His works can be divided into esoteric and exoteric. His exoteric works strongly emphasized ethical discipline (sila) as the foundation for the path, following the Gelug tradition's lamrim teachings. They discuss scriptures important in Tibetan Buddhism like the Abhisamayalamkara and those important in Chinese Buddhism like the Avatamsaka Sutra. Most of his literary production though consists of translations of Tibetan tantric works.

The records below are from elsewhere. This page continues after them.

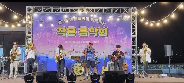 대륜동(동장 문철환)과 대륜동주민자치위원회(위원장 현용주)는 지난 3일 법환포구 야외공연장에서 300여명의 관람객의 호응 속에 제7회 대륜동민과 함께하는 작은 음악회를 개최했다.
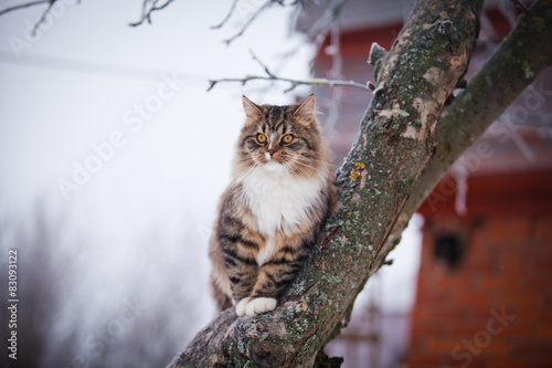 © Anna Averianova, Fototapeta premium Striped fluffy cat on a winter walk
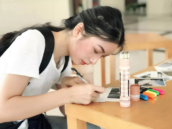 迎新的摊位旁边,布置了一个“时光慢递,纸短情长”明信片书写台。书写台上摆放着精心挑选的师大的明信片和彩色铅笔。报完到的研究生新生们在明信片上写下自己的梦想、对未来的憧憬。大家将自己心中的希望与抱负,化为文字,书写在一张张印着师大风物的明信片上。随后他们将明信片投进“h动漫
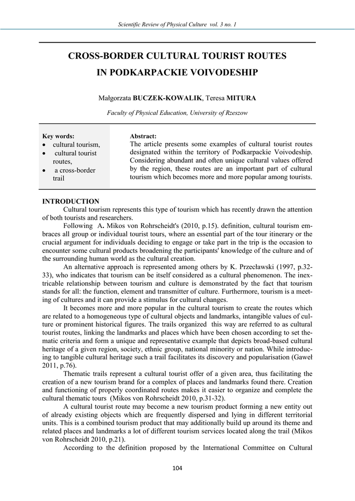 Scientific Review of Physical Culture vol. 3 no. 1 CROSS-BORDER CULTURAL TOURIST ROUTES IN PODKARPACKIE VOIVODESHIP Małgorzata BUCZEK-KOWALIK, Teresa MITURA Faculty of Physical Education, University of Rzeszow Key words:    cultural tourism, cultural tourist routes, a cross-border trail Abstract: The article presents some examples of cultural tourist routes designated within the territory of Podkarpackie Voivodeship. Considering abundant and often unique cultural values offered by the region, these routes are an important part of cultural tourism which becomes more and more popular among tourists. INTRODUCTION Cultural tourism represents this type of tourism which has recently drawn the attention of both tourists and researchers. Following A. Mikos von Rohrscheidt's (2010, p.15). definition, cultural tourism embraces all group or individual tourist tours, where an essential part of the tour itinerary or the crucial argument for individuals deciding to engage or take part in the trip is the occasion to encounter some cultural products broadening the participants' knowledge of the culture and of the surrounding human world as the cultural creation. An alternative approach is represented among others by K. Przecławski (1997, p.3233), who indicates that tourism can be itself considered as a cultural phenomenon. The inextricable relationship between tourism and culture is demonstrated by the fact that tourism stands for all: the function, element and transmitter of culture. Furthermore, tourism is a meeting of cultures and it can provide a stimulus for cultural changes. It becomes more and more popular in the cultural tourism to create the routes which are related to a homogeneous type of cultural objects and landmarks, intangible values of culture or prominent historical figures. The trails organized this way are referred to as cultural tourist routes, linking the landmarks and places which have been chosen according to set thematic criteria and form a unique and representative example that depicts broad-based cultural heritage of a given region, society, ethnic group, national minority or nation. While introducing to tangible cultural heritage such a trail facilitates its discovery and popularisation (Gaweł 2011, p.76). Thematic trails represent a cultural tourist offer of a given area, thus facilitating the creation of a new tourism brand for a complex of places and landmarks found there. Creation and functioning of properly coordinated routes makes it easier to organize and complete the cultural thematic tours (Mikos von Rohrscheidt 2010, p.31-32). A cultural tourist route may become a new tourism product forming a new entity out of already existing objects which are frequently dispersed and lying in different territorial units. This is a combined tourism product that may additionally build up around its theme and related places and landmarks a lot of different tourism services located along the trail (Mikos von Rohrscheidt 2010, p.21). According to the definition proposed by the International Committee on Cultural 104 Scientific Review of Physical Culture vol. 3 no. 1 Routes of ICOMOS (CIIC-ICOMOS) a cultural route is a land, water, mixed or other type of route, which is physically determined and characterized by having its own specific and historic dynamics and functionality. Historic routes have generated exchanges of goods, ideas, knowledge and values within one or between different countries or regions, thus contributing to the crossing of cultures over space and time which is demonstrated nowadays by both tangible and intangible heritage of the regions. Cultural routes are suitable cultural instruments for highlighting the fact that cultural reality is a multi-faceted evidence, which requires a multi-disciplinary approach. They are the result of centuries of historical contact. Cultural routes are categorized by the International Committee on Cultural Routes according to :  territorial scope: national and international,  coverage: within one region or across all cultural area  the purpose of creation: social, economical, commercial, administrative, cultural and spiritual or else multi-dimensional.  time of functioning: used in the past and used until these days  route: land, water, mixed or other type of routes (http://www.icomos-ciic.org). The study aims at presenting some cultural tourist routes of Podkarpacie which constitute an important cultural tourism product and allow to uncover this region of undoubtedly high cultural advantages. THE TOURIST ROUTE OF THE LUBOMIRSKI FAMILY SEATS The Tourist Route of the Lubomirski Family Seats encompasses the places related to the lordly family within the territories of Podkarpackie Voivodeship in Poland, Lviv Oblast in Ukraine and Prešov district in Slovakia. The route links historical buildings erected between 16th and 19th century. Significantly, many of them are incredibly well preserved or have been brought to this condition through restoration works. Nowadays they house museums, institutions of culture, hotels, seats of offices and local government authorities The route starts in the town of Stalowa Wola and it ends in Wiślicz. Its total length is 879 km, whereof it covers 478 km in Polish territory, 247 km in Ukraine and 154 km in Slovakia. Among the exhibited places, 9 have been classified as family seats (Stalowa Wola, Baranów Sandomierski, Rzeszów, Boguchwała, Łańcut, Przeworsk, Przemyśl, Lwów, Stara Lubovla, Podoliniec, Nowy Sącz, Wiśnicz), and the remaining 19 towns or villages (Jarosław, Kolbuszowa, Sokołów Małopolski, Głogów Małopolski, Miłocin, Rogoźnica, Sanok, Zgłobień, Racławówka, Zwięczyca, Tarnobrzeg, Medyka, Krakowiec, Miżyniec, Jaworów, Grudek, Sądowa Wisznia, Rudki, Benkowa Wisznia, Krechów, Żółkiew, Kulików, Sambor, Chyrów, Lesko, Ustrzyki Dolne, Hoszów, Olszanica, Krasiczyn, Bircza, Rymanów, Miejsce Piastowe, Dukla, Svidnik, Bardejov, Plaweč) have been defined as significant la

===Public activities and death===
After the establishment of the Communist State, he lived in Guangji Temple, in Beijing. In October 1951, he attended the Chinese People's Political Consultative Conference as a specially invited delegate. He was a member of the Permanent Committee and vice-president of the Chinese Buddhist Association from 1953 to 1966. He also joined a Chinese delegation in Delhi for the Conference of Asian Nations.

In the summer of 1966, Mao Zedong launched the Cultural Revolution, Nenghai lived in Shancaidong Temple, he was labeled as a gangster and suffered political persecution, he and his disciples were mistreated and tortured. On January 1, 1967, Nenghai died in Shancaidong Temple, aged 81.

His relics are preserved on Mount Wutai in a stupa that was built in 1981 in the Tibeto-Chinese style.